Exercise data Block Start
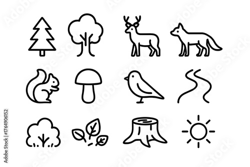 Obraz premium Forest Ecosystem Icons. Forest ecosystem. Line icon set of forest ecosystem: pine tree, oak tree, deer, fox, squirrel, mushroom, bird, river, bush, fallen
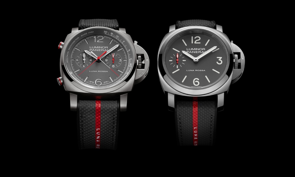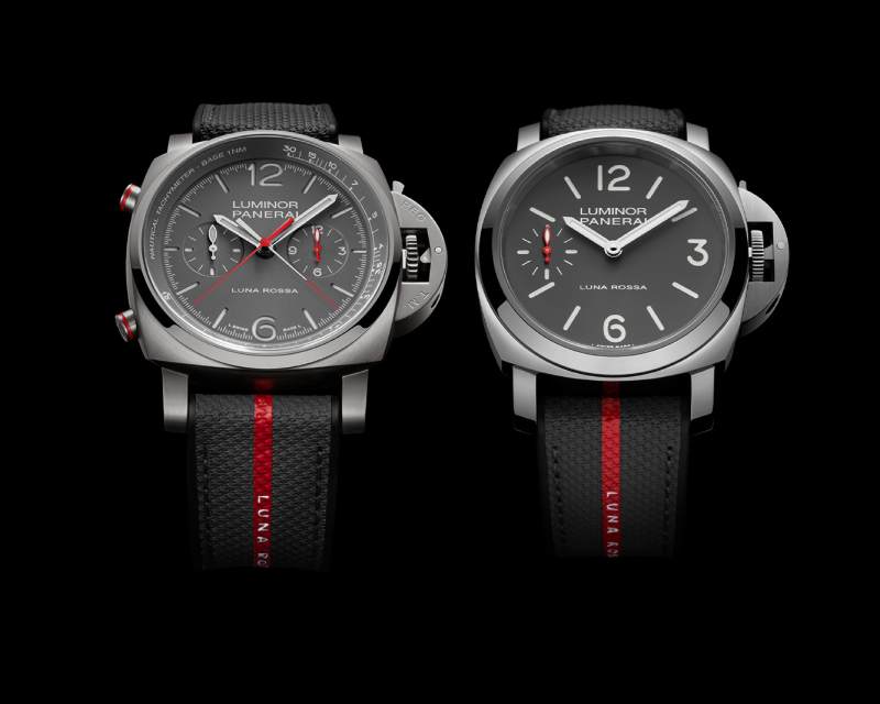 Panerai 与 Luna Rossa 第三度携手美洲杯,带来 Luminor Chrono Flyback Luna Rossa PAM01654 与 Luminor Luna Rossa PAM01653 两款腕表。两款腕表以标志性的灰色哑光表盘和鲜明的红色细节,凸显品牌与帆船队的专属美学,时尚与功能兼具,耀目而生。
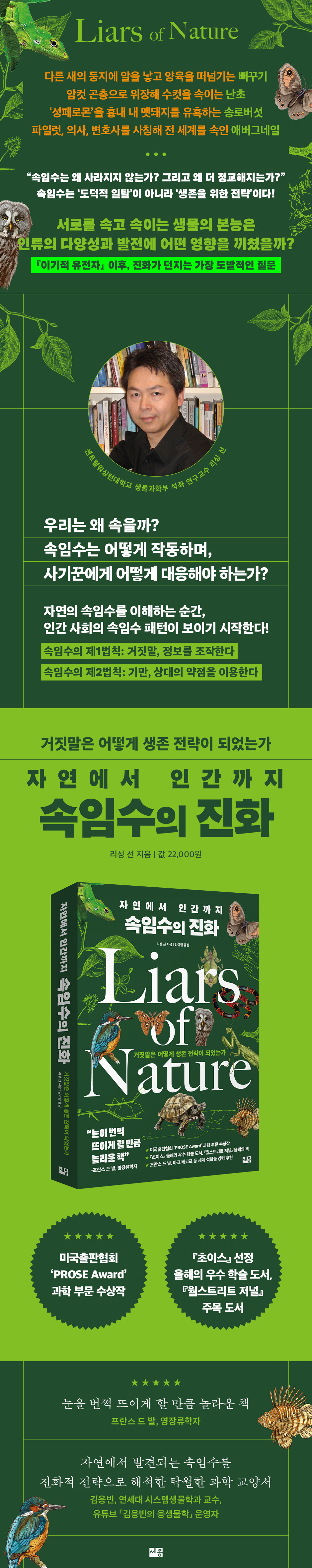¡ºÀÚ¿¬¿¡¼ Àΰ£±îÁö ¼ÓÀÓ¼öÀÇ ÁøÈ¡»´Â ¼ÓÀÓ¼öÀÇ Á¦1¹ýÄ¢ ¡®°ÅÁþ¸»¡¯°ú Á¦2¹ýÄ¢ ¡®±â¸¸¡¯À» ÅëÇØ, »ý¸íü°¡ ¾î¶»°Ô »ó´ëÀÇ °¨°¢°ú ÀÎÁöÀÇ ºóÆ´À» ÆÄ°íµé¸ç ÁøÈÇØ¿Ô´ÂÁö, ±× °úÁ¤¿¡¼ °¨½Ã, ÆÇº°, ½Å·ÚÀÇ Ã¼°è°¡ ¾î¶»°Ô ÇÔ²² ¹ß´ÞÇØ¿Ô´ÂÁö¸¦ º¸¿©ÁØ´Ù. ¼¾Æ®·²¿ö½ÌÅÏ´ëÇб³ »ý¹°°úÇкΠ¼®Á ¿¬±¸±³¼öÀÎ ¸®½Ì ¼±Àº »ý¹°ÇÐ, ÀÎÁö°úÇÐ, ÁøÈ½É¸®ÇÐÀ» ³Ñ³ªµé¸ç ÀÚ¿¬°ú Àΰ£ »çȸ¸¦ °üÅëÇÏ´Â ¼ÓÀÓ¼öÀÇ ¿ø¸®¸¦ ޱ¸ÇÑ´Ù. ±×´Â Á¤Á÷À» ¼ÓÀÓ¼ö°¡ »ç¶óÁø µÚ »ý°Ü³ ¹Ì´öÀÌ ¾Æ´Ï¶ó, ¼ÓÀÓ¼ö¿ÍÀÇ °æÀï ¼Ó¿¡¼ ¼±ÅÃµÈ Àü·«À̶ó°í ¸»ÇÑ´Ù.
Exercise data Block End
Starting at the line that contains "Panerai 与 Luna" and ending at the final line of the data, reproduce each line exactly. Pictures stay out of the copy.

 Panerai 与 Luna Rossa 第三度携手美洲杯,带来 Luminor Chrono Flyback Luna Rossa PAM01654 与 Luminor Luna Rossa PAM01653 两款腕表。两款腕表以标志性的灰色哑光表盘和鲜明的红色细节,凸显品牌与帆船队的专属美学,时尚与功能兼具,耀目而生。
¡ºÀÚ¿¬¿¡¼ Àΰ£±îÁö ¼ÓÀÓ¼öÀÇ ÁøÈ¡»´Â ¼ÓÀÓ¼öÀÇ Á¦1¹ýÄ¢ ¡®°ÅÁþ¸»¡¯°ú Á¦2¹ýÄ¢ ¡®±â¸¸¡¯À» ÅëÇØ, »ý¸íü°¡ ¾î¶»°Ô »ó´ëÀÇ °¨°¢°ú ÀÎÁöÀÇ ºóÆ´À» ÆÄ°íµé¸ç ÁøÈÇØ¿Ô´ÂÁö, ±× °úÁ¤¿¡¼ °¨½Ã, ÆÇº°, ½Å·ÚÀÇ Ã¼°è°¡ ¾î¶»°Ô ÇÔ²² ¹ß´ÞÇØ¿Ô´ÂÁö¸¦ º¸¿©ÁØ´Ù. ¼¾Æ®·²¿ö½ÌÅÏ´ëÇб³ »ý¹°°úÇкΠ¼®Á ¿¬±¸±³¼öÀÎ ¸®½Ì ¼±Àº »ý¹°ÇÐ, ÀÎÁö°úÇÐ, ÁøÈ½É¸®ÇÐÀ» ³Ñ³ªµé¸ç ÀÚ¿¬°ú Àΰ£ »çȸ¸¦ °üÅëÇÏ´Â ¼ÓÀÓ¼öÀÇ ¿ø¸®¸¦ ޱ¸ÇÑ´Ù. ±×´Â Á¤Á÷À» ¼ÓÀÓ¼ö°¡ »ç¶óÁø µÚ »ý°Ü³ ¹Ì´öÀÌ ¾Æ´Ï¶ó, ¼ÓÀÓ¼ö¿ÍÀÇ °æÀï ¼Ó¿¡¼ ¼±ÅÃµÈ Àü·«À̶ó°í ¸»ÇÑ´Ù.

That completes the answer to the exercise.